Is momentum an invariant?

Question

Is the value of momentum an invariant?,
specificly for instance the momentum value $\mathbf p_{\text{lab}}[~\Lambda^0~]$ of a $\Lambda^0$ baryon (drifting from the (actual) interaction point of a collider experiment towards the beam pipe wall) with respect to suitable⁽¹⁾ constituents of the "lab" (of beam pipe wall, of detectors, of magnets)?

Or does the momentum value $\mathbf p_{\text{lab}}[~\Lambda^0~]$ depend on the assignment of coordinate values to the relevant (unique) events, such as the event of the $\Lambda^0$ baryon under consideration having been produced; or the event of the $\Lambda^0$ baryon under consideration passing the beam pipe wall, or the event of the $\Lambda^0$ baryon under consideration decaying?
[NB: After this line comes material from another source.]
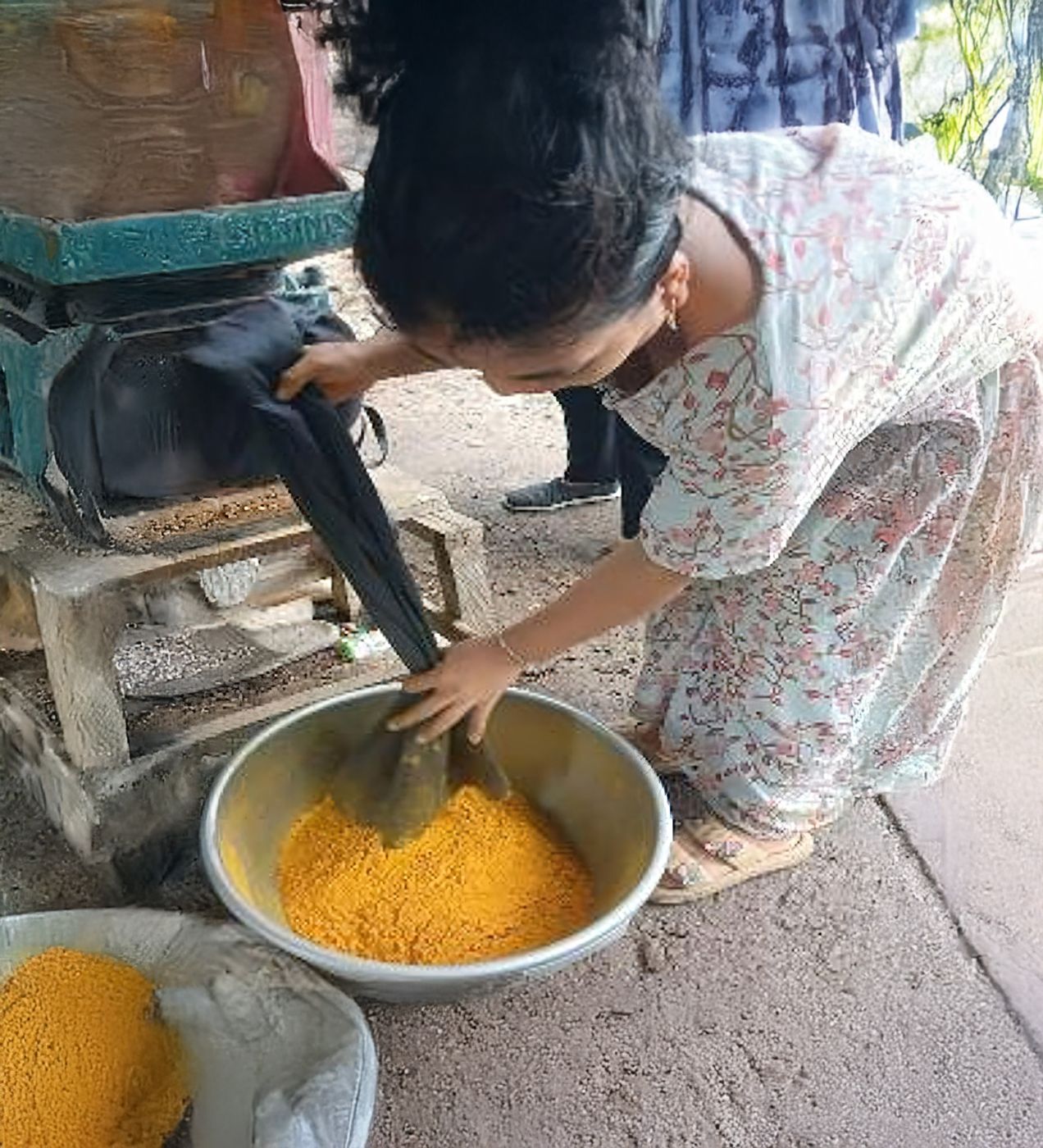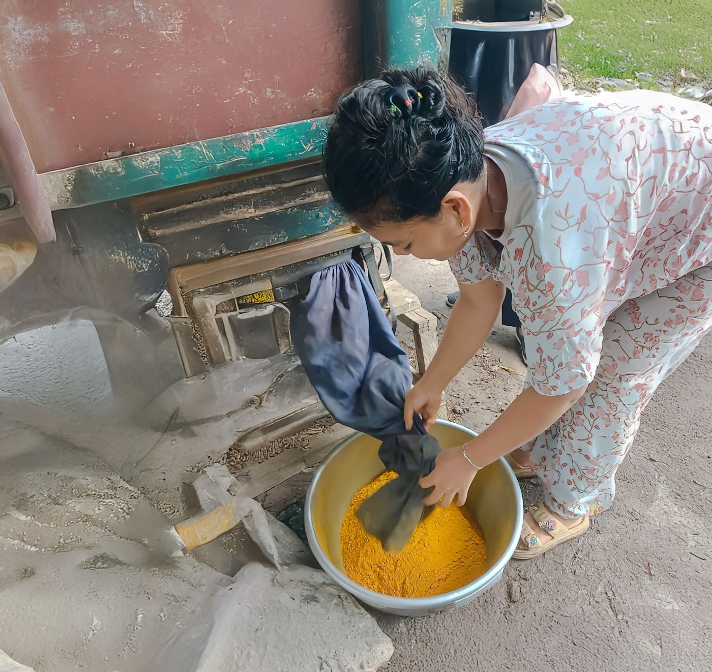 Mengolah kunyit mentah menjadi tepung kunyit, Siangka menggunakan mesin giling. Tetapi sebelum dimasukkan ke mesin, Siangka harus mengupas kulit kunyit. Dicuci sampai bersih. Ia memastikan proses pencucian dilakukan dengan tepat, yaitu menghilangkan bekas-bekas tanah di kulit kunyit. Mengupas kunyit dan menghilangkan bagian kunyit yang rusak. Tidak jarang tangan Siangka dan tetangganya teriris pisau. Tetapi dengan kemauan kuat, kini usaha tepung kunyit sudah bisa diproduksi sesuai permintaan konsumen.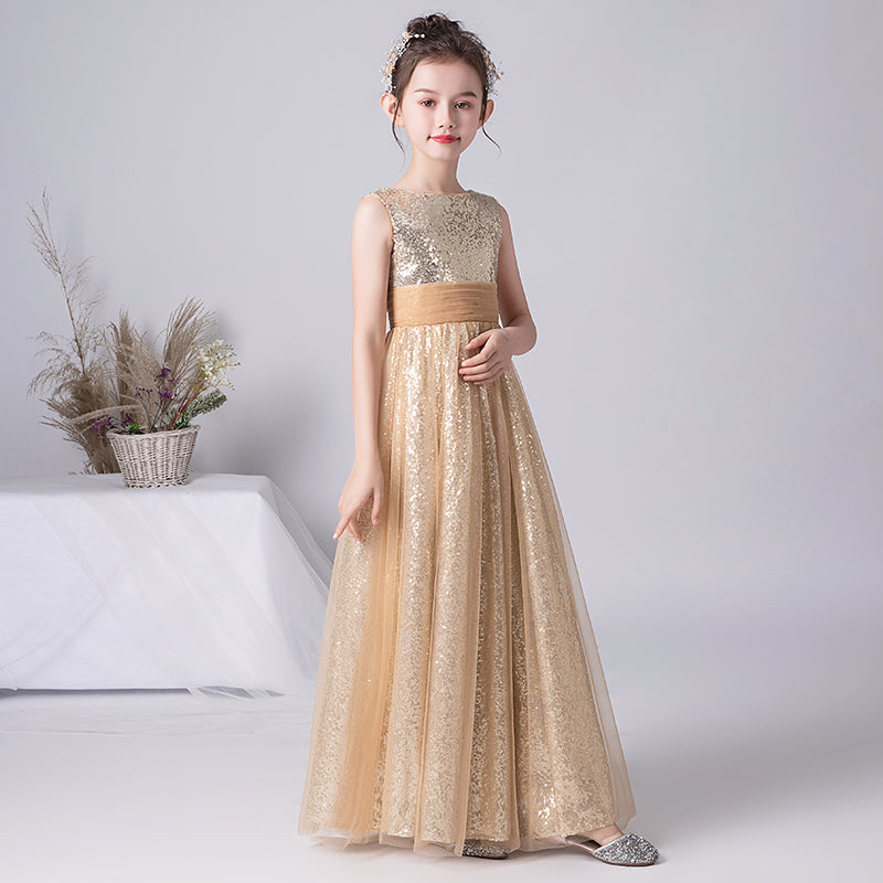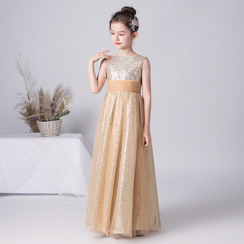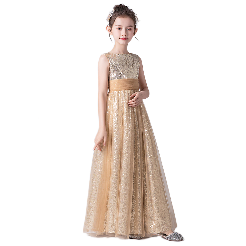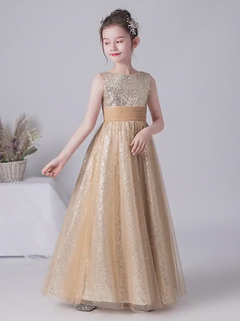 Gold Junior Bridesmaid Dress Sequin Pagaent Dresses For Teens Flower Girl Dress Sleeveless

Expressing the value of the momentum of the specific $\Lambda^0$ baryon under consideration wrt. the lab constituents as

$$\mathbf p_{\text{lab}}[~\Lambda^0~] := m[~\Lambda^0~] ~ c ~ \frac{\beta_{\text{lab}}[~\Lambda^0~]}{\sqrt{1 - (\beta_{\text{lab}}[~\Lambda^0~])^2}} ~ \mathbf e_{\text{lab}}[~\Lambda^0~], $$

where

$m[~\Lambda^0~]$ denotes the invariant mass of the $\Lambda^0$ baryon under consideration,
$c$ denotes the signal front speed, and
$\mathbf e_{\text{lab}}[~\Lambda^0~]$ denotes the (normalized) direction of motion of the $\Lambda^0$ baryon under consideration wrt. the lab constituents,

is the corresponding real number value $\beta_{\text{lab}}[~\Lambda^0~]$ an invariant, too?
(Or else: How, explicitly, does the value $\beta_{\text{lab}}[~\Lambda^0~]$ depend on the assignment of coordinates?)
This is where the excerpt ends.